Stephanie Dinkins wins the inaugural LG Guggenheim Award
The Brooklyn-based artist and educator Stephanie Dinkins has been nominated as the first winner of the LG Guggenheim Award, being part of the five-year-long collaboration between the South Korean-based corporation and the famous American art foundation. The initiative, begun in 2022, aims to recognize the works of artists dealing with the intersection between art and technology.
Through a range of media that includes interactive installations, sculpture, video, web projects, writing, and community workshops, Stephanie Dinkins reflects on the future evolution of technology-based art.
During her twenty-year-long career, Dinkins has often expressed herself using Artificial Intelligence in the forms of chatbots, augmented and virtual reality, and gallery installations. The central topics in her research compare AI with memory and familiar intimacy which, even acting at a local level, succeed in communicating on a more global level too.

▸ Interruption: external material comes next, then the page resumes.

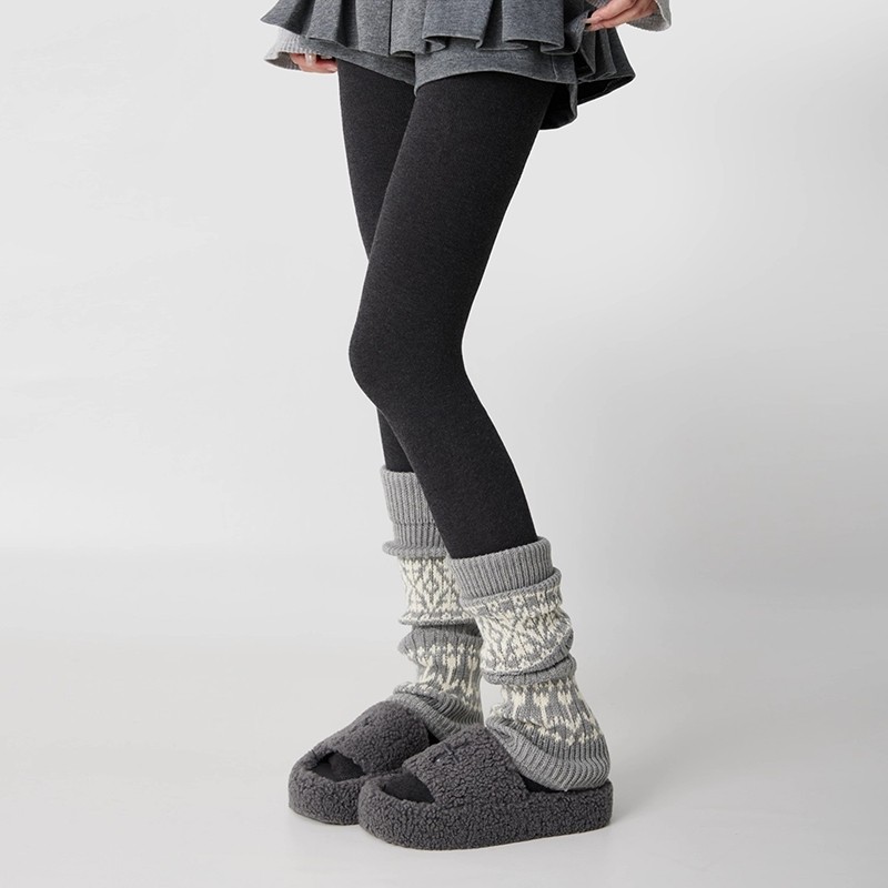 复古费尔岛堆堆袜套秋冬加厚保暖灰色腿套羊毛袜子2025新款爆款冬

The vision of the artist about AI is optimistic, immersive and based on participation: for this reason, Dinkins chooses poetics and storytelling as the bases of her work, dedicating to socio-cultural topics in favour of poor and techno-marginalized communities.
Among her most famous works we find “Conversations with Bina48”, a long-term project began in 2014 where Dinkins develops a relationship with Bina48, a humanoid robot, with the aim to transfer the consciousness of a living person onto the android. The questions and conversations between the two are about cultural, social and historical future, with intersections on technology, race, gender and social equality.
Stephanie Dinkins currently serves as a professor of art at Stony Brook University, New York. Her works have been exhibited in institutions all over the world, including the Smithsonian Museum of Arts and Industry in Washington DC, the Espoo Museum of Modern Art in Finland, and the ZKM Center for Art and Media in Karlsruhe, Germany.
The artist was selected by a jury of experts in the field of art and technology including Legacy Russell, the executive director and chief curator of the Kitchen in New York, and Tina Rivers Ryan, the curator at the Buffalo AKG Art Museum in Buffalo, New York. In a statement, the jury praised Dinkins for her “inclusive and collaborative approach” that “powerfully advocates for transparency, participation and access around AI technologies, especially among communities at greatest risk of being abused by them”.